These are my notes and thoughts as I go along this course.
Lecture notes are at
https://gfxcourses.stanford.edu/cs149/fall23/lecture/multicore/
There are many forms of parallelism.
Superscalar – This is when the compiler without any help from humans figures out there there is instruction level parallelism.
Note that you also need hardware support. You need to be able to fetch these independent instructions in the same cycle and also you need independent execution units. In the figure above you can see that this processor can support upto two instructions in parallel.
The way to think about this is to think in terms of a single instruction stream. And in this stream the compiler is trying to find individual instructions that it can execute in parallel.
Multiple Cores
The core idea here is instead of using chip real-estate to make a complex archtiecture to make a single instruction stream run as fast as possible, replicate simpler cores instead. The individual cores are not as fancy (as in cannot maybe do superscalar stuff) but you can potentially run copies of programs.
SIMD
Single Instruction Multiple Data
Another idea is to amortize the complexity of an instruction in our original program across multiple ALUs.
Multi-threading
Caches
Cache is a hardware implementation. It’s memory onchip, so it occupies chip real-estate. It brings storage very close to the execution units, so the time time to load is very small. Multiple levels of cache exist, L1,L2,L3. The way to think about it is if you want to retrieve a book on a certain subject from the library, you go borrow that book from the library and whatever other books you would need for your research later and come put it in your cupboard. This locality is what improves performance.

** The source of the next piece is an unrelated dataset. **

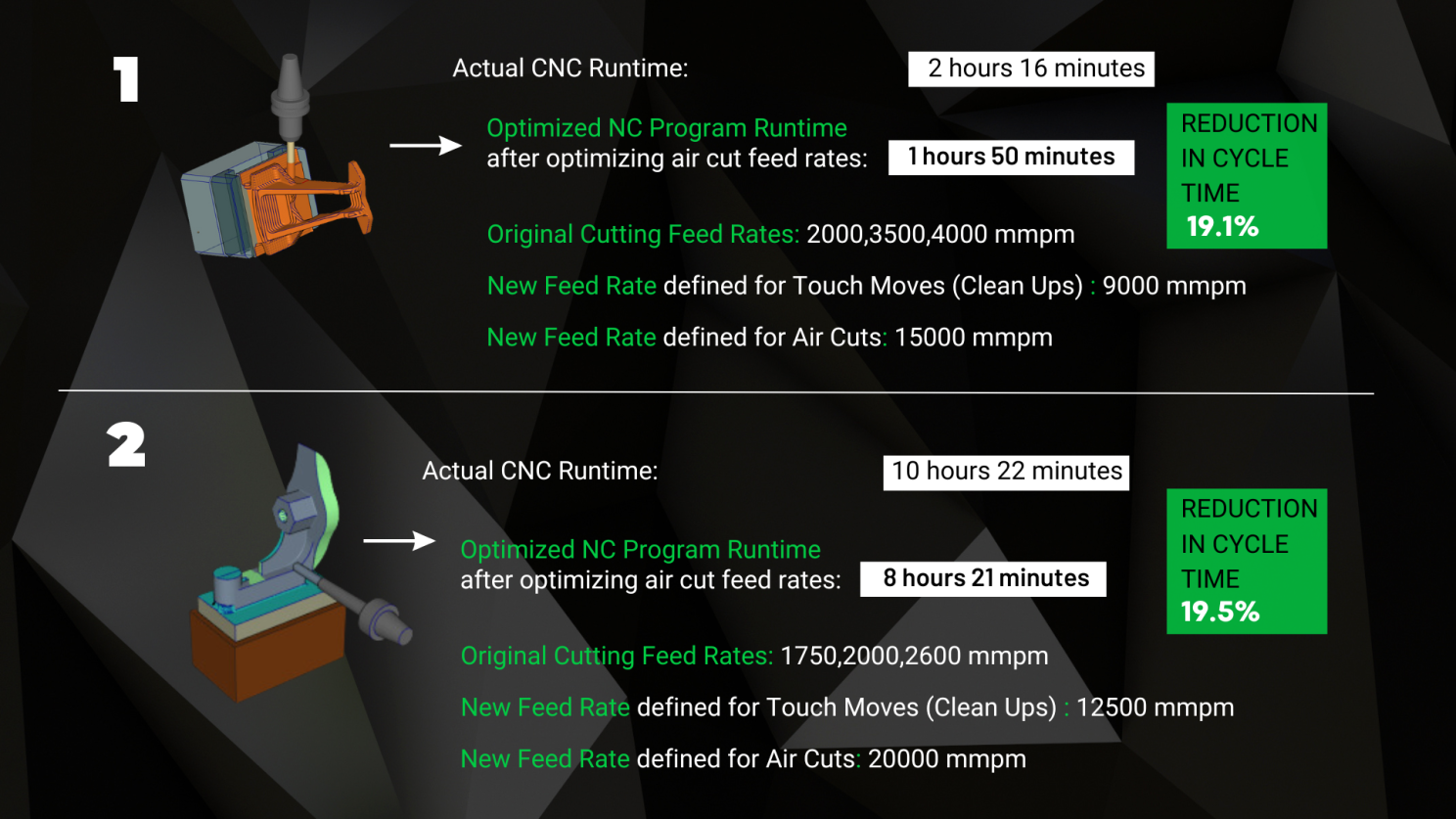 In our tests, we’ve seen dramatic improvements in efficiency. The key metric we’ve focused on in these test is air cut feed rate optimization, which refers to optimizing non-cutting movements to reduce cycle time using the first module of MANUSsim optimize. Here are some of the impressive results:

==Forms of data locality==
Spatial Locality – When you load an address into the cache, you load nearby addresses too.
Temporal Locality* – when you load an address into the cache, you may reuse it again sometime in the future.

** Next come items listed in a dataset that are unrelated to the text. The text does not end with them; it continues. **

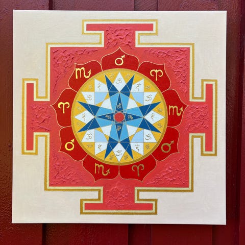 Akryltekstur Sri Yantra på strukket lerret 40 x 40 cm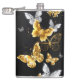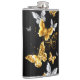 Gold, jewellery and white butterflies on black background. Golden butterfly.
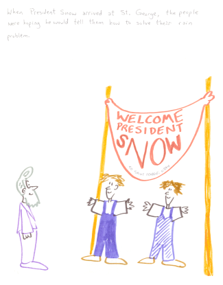 When President Snow arrived at St George, the people were hoping he would tell them how to solve their rain problem.
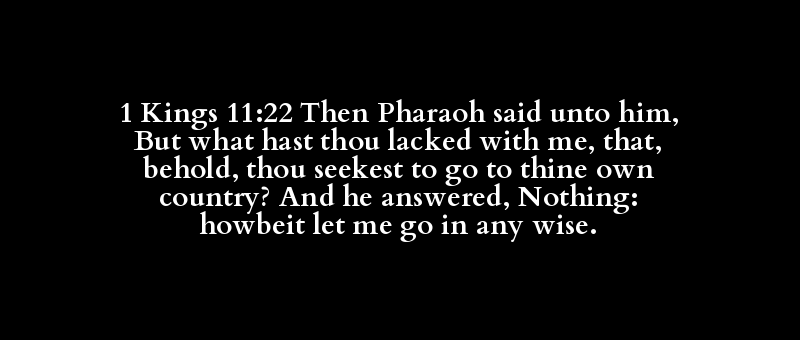 1 Kings 11:22 Then Pharaoh said unto him, But what hast thou lacked with me, that, behold, thou seekest to go to thine own country? And he answered, Nothing: howbeit let me go in any wise.

When you look at the above program and think of Superscalar architecture. There isnt much instruction level parallelism that you can apply. Think of ==sinx== as a single instruction stream. You will need to execute for each ==x[i]== . This is in contrast to say a multi-core or SIMD processor, where the same instruction stream can replicate across multiple cores and there by execute parallely for each value.
SIMD Processing
Notice here how there are 16 cores so we can run 16 independent instruction streams. Then each stream can further run SIMD instructions.
So we could be processing 128 values in parallel. This is best case.
There is a potential problem with SIMD especially when there is conditional execution. For instance if we have if and else loop, then if some elements across the ALU take the ‘if’ and some take the ‘else’ then since they are SIMD instruction, only some ALUs will be active at a given clock cycle and then the remaining (‘else’) ones run.
This is a very important concept called Instruction Coherence.
Coherent execution is very important for SIMD instructions to run well.